Here I’ll draw a comparison between St. Paul’s and Minneapolis’s best known commercial springs. The original Glenwood-Inglewood Spring was a small spring on the banks of Bassett Creek in Minneapolis. The spring was “improved” by driving pipes down 16 feet and the flow shot up to 10,000 GPH (Schwartz 1936, p. 119).4 If the Highland Spring wells were screened in the glacial sands above the shale, they would’ve been tapping the same water source as the natural Highland Spring itself. A layperson might well argue that it’s a minor, acceptable fudge to call them all “springs” for marketing purposes.
The source of this shallow groundwater deserves comment. The surficial geology plate for Ramsey County (Patterson 1992) was published a generation ago, yet contains a wealth of detail not fully integrated into hydrological explanations for why Highland Spring formed where it did. According to Bud, the “drainage basin” (as he called it) feeding the spring is a rectangular area bounded by Montreal-Saratoga-Summit-Syndicate (Empson 1975). This rectangle partially corresponds with a “former lake” associated with the Grantsburg Sublobe. But in fact, the “clayey lake sediment” which underlies it would impede recharge. A different feature depicted on this same plate which probably exerts more influence on the local groundwater flow is the funneling scarp of a “former drainageway” from the “sandy outwash plain” west of the spring.

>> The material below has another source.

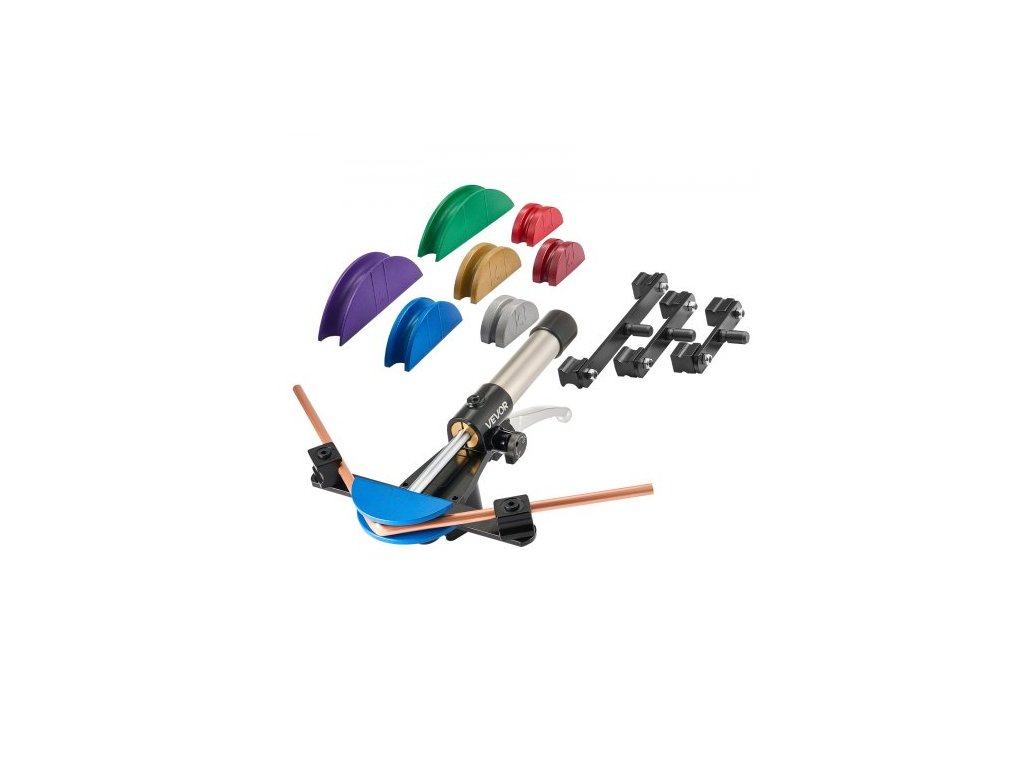 Sada hydraulických ohýbaček trubek VEVOR, 6 mm až 22 mm, ohýbačka měděných trubek, sada nástrojů pro ohýbání trubek HVAC, ohyb 90°, se 7barevnými hliníkovými slitinovými matricemi, pro opravy automobilů, HVAC, klimatizace, chlazení a klimatizace

But this raises another issue. I’ve personally mapped the springs along the Decorah edge from Montreal to Summit, and to avoid overlap, the Highland springshed would have to be narrower in a north-south direction. Moreover, the named bounding streets don’t reach the obvious height of land (Snelling) which, in the absence of other information, would be its presumed hydrological boundary along the west side. So, the springshed would be elongated in an east-west direction, covering about one half square mile.

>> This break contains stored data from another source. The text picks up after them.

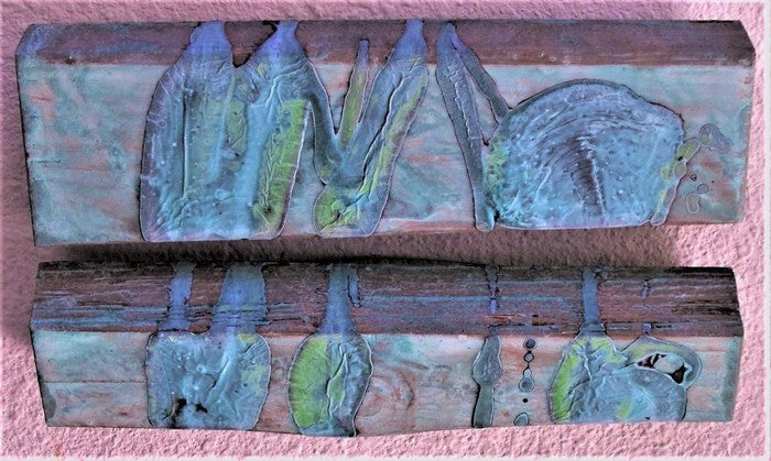 Copper and bronze metal effects paint poured over cleaved wood. sprayed with reagent to oxidize to lovely shades of blue and green. understated reference to contemporary life as we all have been "interrupted" by COVID.
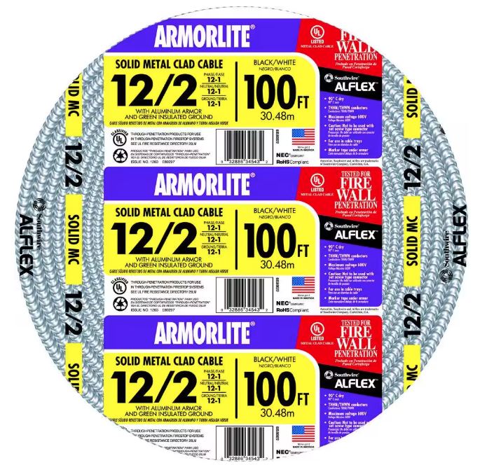 100 ft. 12-2 CU THHN Black/White/Green Metal Clad Armorlite Cable
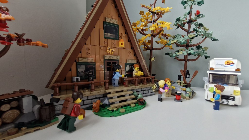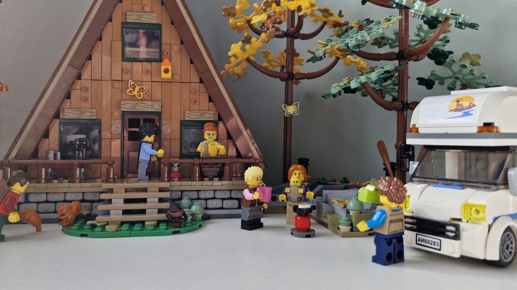 Speaking of camper vans – The A-Frame Cabin goes very well with Lego’s numerous camping themed sets. I also own set no. 60283 Holiday camper Van, and the cabin pairs extraordinarily well.
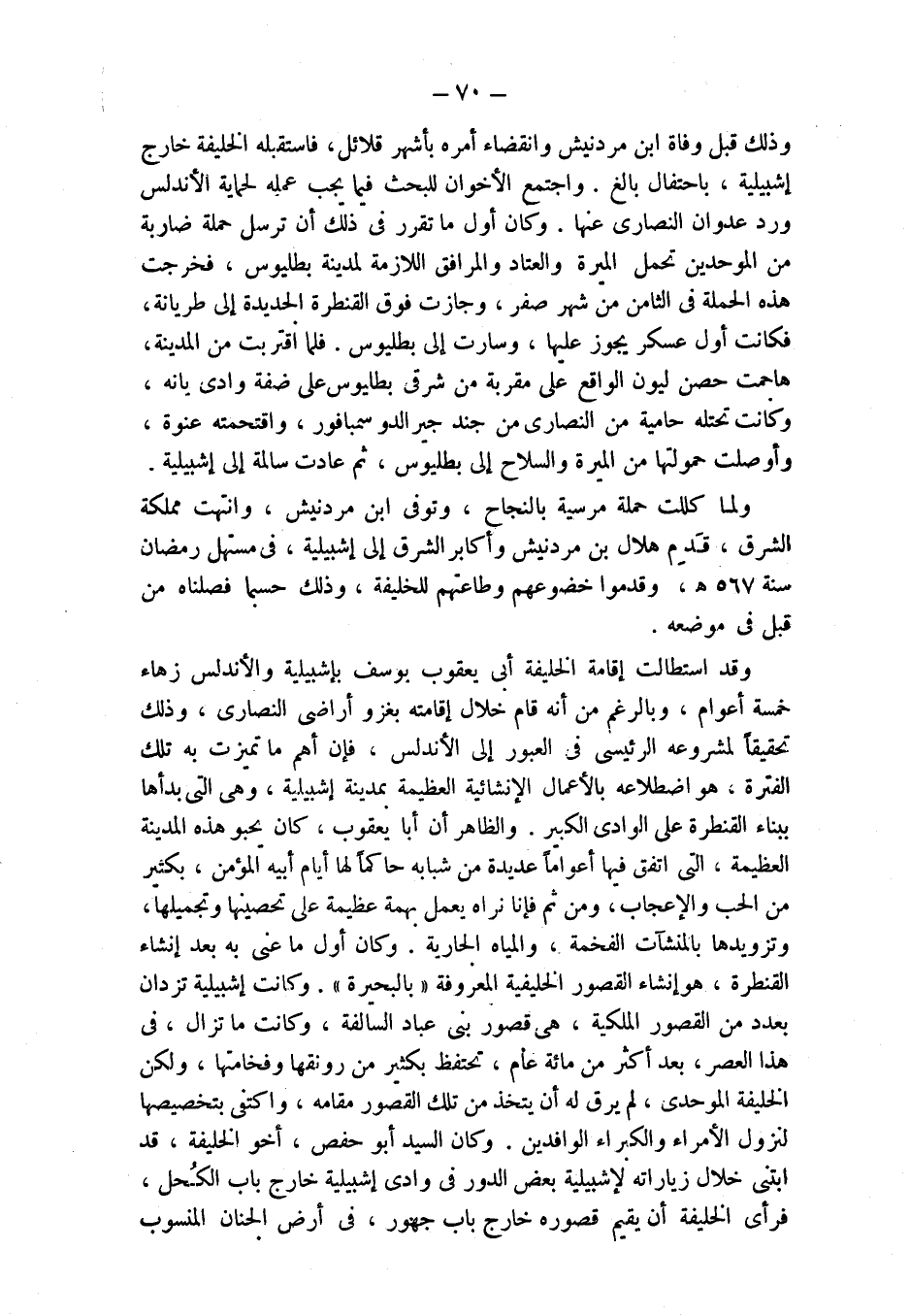 وقد استطالت إقامة الخليفة أبي يعقوب يوسف بإشبيلية والأندلس زهاء خمسة أعوام، وبالرغم من أنه قام خلال إقامته بغزو أراضي النصارى، وذلك تحقيقاً لمشروعه الرئيسي في العبور إلى الأندلس، فإن أهم ما تميزت به تلك الفترة، هو اضطلاعه بالأعمال الإنشائية العظيمة بمدينة إشبيلية، وهي التي بدأها ببناء القنطرة على الوادي الكبير. والظاهر أن أبا يعقوب، كان يحبو هذه المدينة العظيمة، التي أنفق فيها أعواماً عديدة من شبابه حاكماً لها أيام أبيه عبد المؤمن، بكثير من الحب والإعجاب، ومن ثم فإنا نراه يعمل بهمة عظيمة على تحصينها وتجميلها، وتزويدها بالمنشآت الفخمة، والمياه الجارية. وكان أول ما عنى به بعد إنشاء القنطرة، هو إنشاء القصور الخليفية المعروفة " بالبحيرة ". وكانت إشبيلية تزدان بعدد من القصور الملكية، هي قصور بني عباد السالفة، وكانت ما تزال، في هذا العصر، بعد أكثر من مائة عام، تحتفظ بكثير من روعتها وفخامتها، ولكن الخليفة الموحدي، لم يرق له أن يتخذ من تلك القصور مقامه، واكتفى بتخصيصها لنزول الأمراء والكبراء الوافدين. وكان السيد أبو حفص، أخو الخليفة، قد ابتنى خلال زياراته لإشبيلية بعض الدور في وادي إشبيلية خارج باب الكُحل، فرأى الخليفة أن يقيم قصوره خارج باب جهور، في أرض الجنان المنسوب

Discovery of the Deep Well
The Minnesota Well Index now delivered a bombshell. Having queried the database unsuccessfully for the shallow wells, it revealed something quite unexpected. Keys Well Drilling Company had installed a water well 492 feet deep, screened in the Jordan Sandstone, in 1961, explicitly for commercial use by the Highland Spring Water Company (Unique Well ID: 200413). This well was fitted with a 7.5-horsepower submersible pump rated at 50 GPM. The whereabouts of this deep well on the property was unknown, however, since MWI had assigned a generic location based on street address. I assumed the deep well was still in existence, however, as the cost of installation is high and they remain valuable assets.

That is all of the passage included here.